Over the past few months, I've really felt God working in my life. Quite differently from the previous months. But it wasn't His fault.
You know when there are times that you just don't feel God's pull in your own life? Maybe you see Him in other's lives or you don't see Him at all. You start to doubt that He's still paying attention. You start to doubt yourself, your motives, everything around you. Then, you wake up and realize--you were trying to go at it all alone. You thought you had it all figured out and just didn't bother to consult the "big guy". Why bring Him into it--it's all under control, right?
Until it's not. Then you finally seek His guidance. And He's there, like He always has been. I finally started asking God to help me through this mid-life crisis or whatever I'm going through and put me where He wants me.

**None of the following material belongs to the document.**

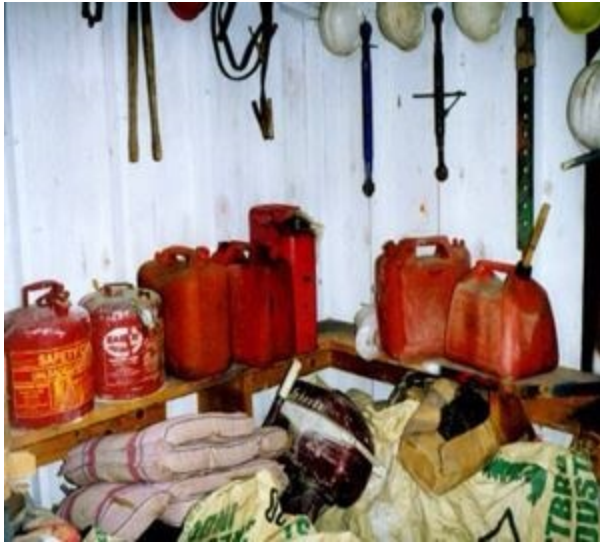
Improper storage of flammables in outside storage building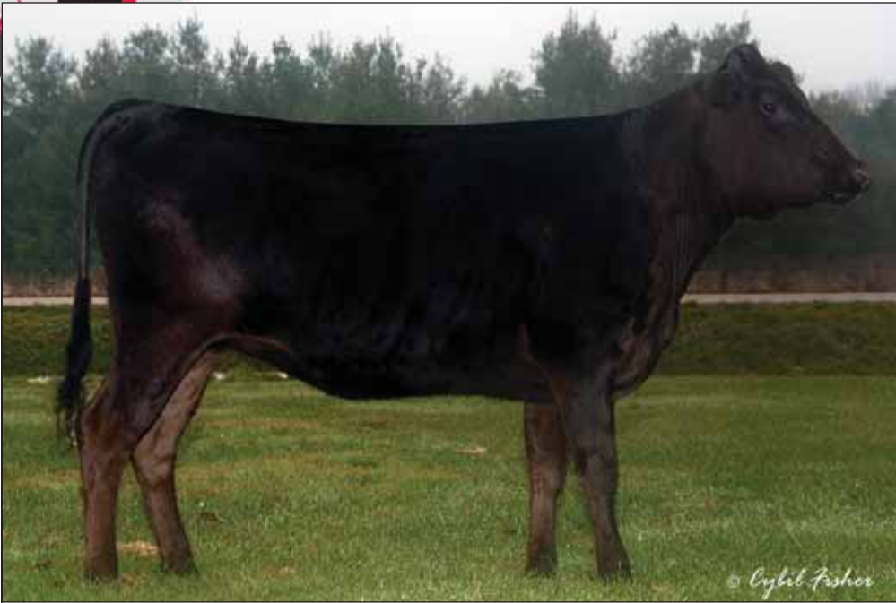
Bay Mak Mana 129, dam of Lot 6 embryos.

And He answered of course. We've started this new "hang-ups and habits" Bible study in church. Of course, just weeks prior, he started talking to me about some issues that I've been stumbling over my whole life. Yeah, He was preparing me for this study. And just yesterday, He opened up a part-time opportunity that I thought I wasn't going to have. So, there's the money I need for my writing class. And I've found a couple of great little websites with like-minded people who are practicing their own writing skills.

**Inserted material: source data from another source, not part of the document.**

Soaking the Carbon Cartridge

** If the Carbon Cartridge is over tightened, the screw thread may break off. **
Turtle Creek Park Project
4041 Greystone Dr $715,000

I'm truly not expecting instant fame here. Or fame at all really. It may be years before anything comes of it, but I think I'm doing what I want to do and what He's leading me toward. He may lead me somewhere else eventually, but I'm gonna stick with it and give it my best. I know He's still workin on me and I'll probably always struggle with my own "stuff" and stumble on it. But, today, I acknowledge and thank Him for not giving up on me. Even when I want to control everything. Even when I want to give up on myself.